Monday, December 5, 2011

Daily Thoughts 12/5/2011


Raja Ravi Varma, A Student, Painting of a member of a royal family in his study room.

Daily Thoughts 12/5/2011

This morning, I finished reading Spontaneous Happiness by Andrew Weil.  He includes an 8 week program focused on creating positive mental health.  Towards the end of the book, he also describes how having a strong social network, gratitude, and charity help create better mental health.
I also read some more of Zahra's Paradise which at times can be quite brutal.  It is definitely a mature story.  It tells a lot about repression and fear in Iran.

This morning, I updated the libraries Twitter and Facebook account.  I also checked the gift books to make sure they were in order.  In addition, I spent some time looking at programming.  We are going to have someone talking about foreclosure in January. 

We are meeting tomorrow for the Technology Committee.
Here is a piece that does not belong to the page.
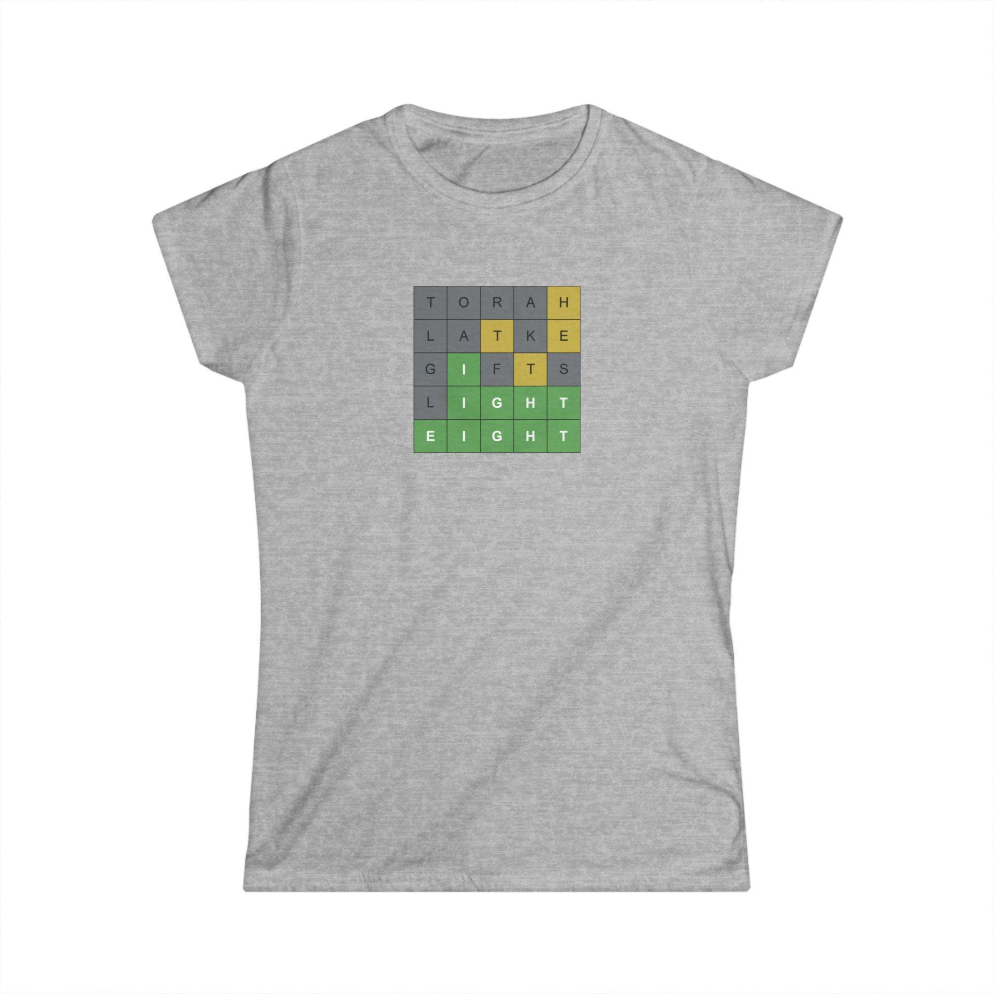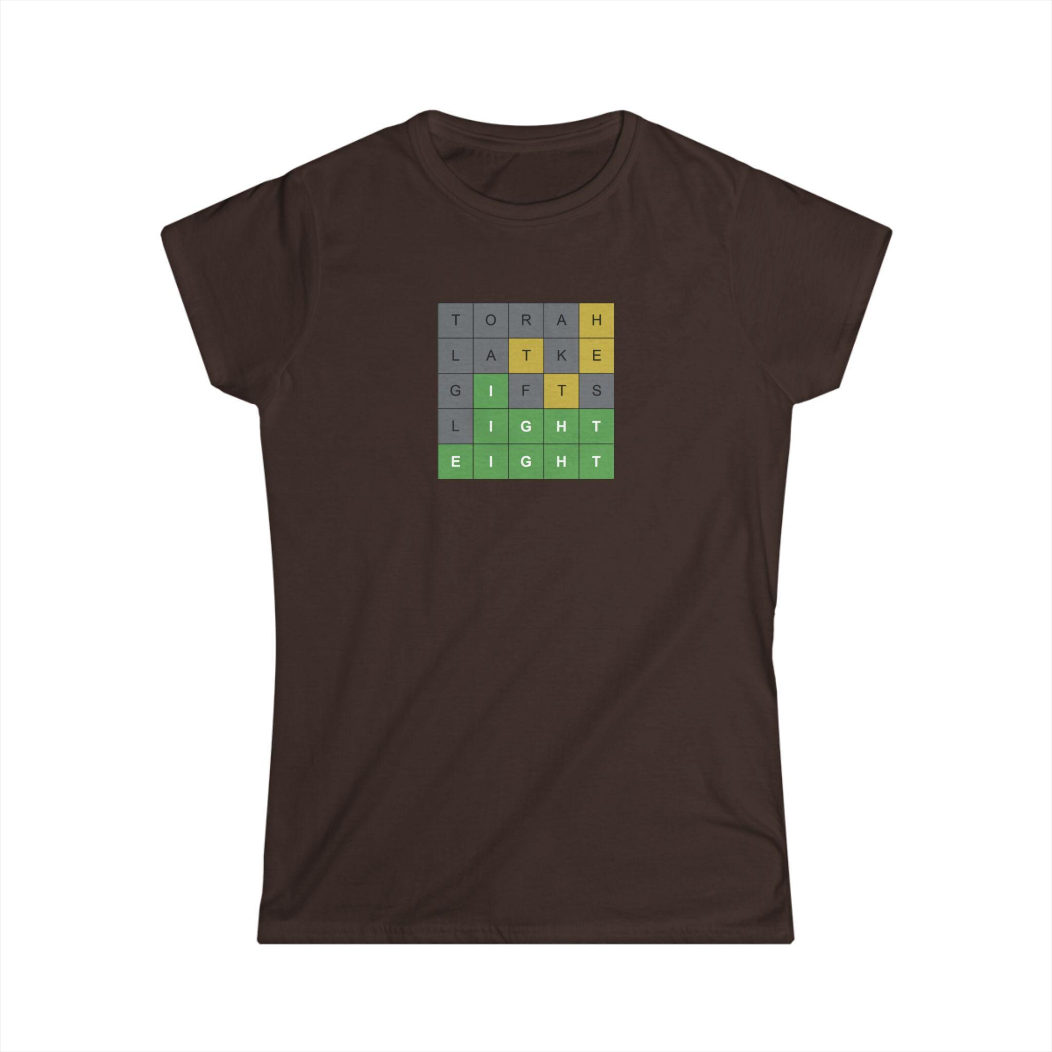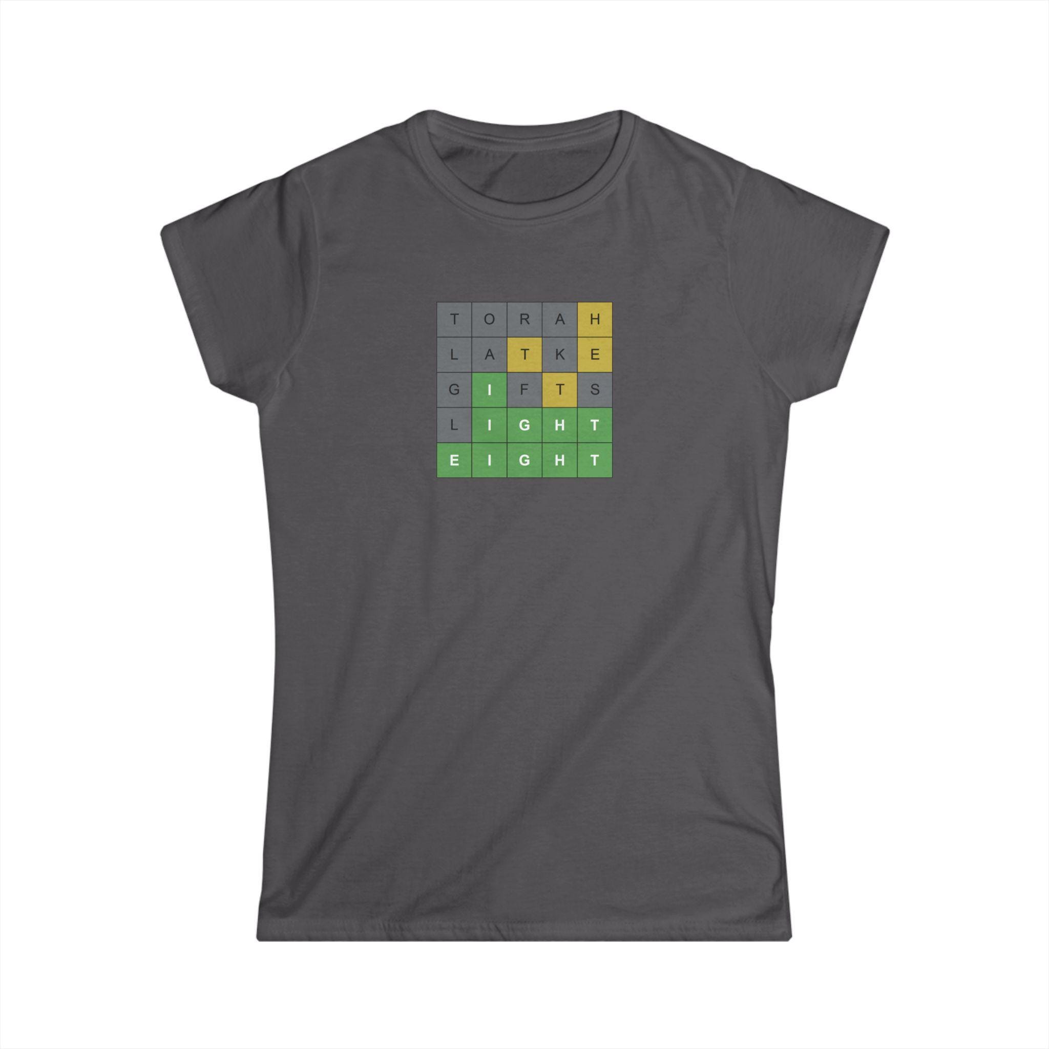 Celebrate Hanukkah in style with this Women's Softstyle Tee featuring a Wordle design. This semi-fitted tee is made of light fabric and runs true to size, perfect for adults looking for a comfortable and festive shirt to wear during the Hanukkah holiday.

On the way home, I finished reading Zahra's Paradise.  It was a very interesting graphic novel.  There was a glossary, afterword, and a bit on the 2009 Iranian presidential elections.  A lot of the book was about protest and dealing with corrupt government bureaucracy.  This story would be very much tied in with the Arab Spring or the series of revolts around the arab world in Syria, Libya, and Egypt.  There are some note on how computers and cell phones very much change things.  I found this to be a very different graphic novel.  There is a website at http://www.zahrasparadise.com/

I also started reading Free Ride How Digital Parasites Are Destroying The Culture Business, And How The Culture Business Can Fight Back by Robert Levine.   Robert Levine starts out bemoaning the loss of mainstream television like Seinfeld, Friends, and Cheers which I feel no great loss for.  If bands like KISS are what he considers culture, then there is no great loss if some of the white elephants and doddering old fashioned television programming go away.  Robert Levine successfully reminds me that the long tail of greater variety on the internet with the greater ability to choose what I want to listen to and view is better than the walled gardens of 1980s and 1990s television. 


Web Bits

The New Digital Divide

Statement by Jeffrey W. Cannell, Deputy Commissioner for Cultural Education and Acting State Librarian, New York State Education Department

This is important because of the focus on the internet.   Libraries are increasingly the only place which poorer people can get internet access.  Many people come in to apply for jobs and learn basic computing at public libraries.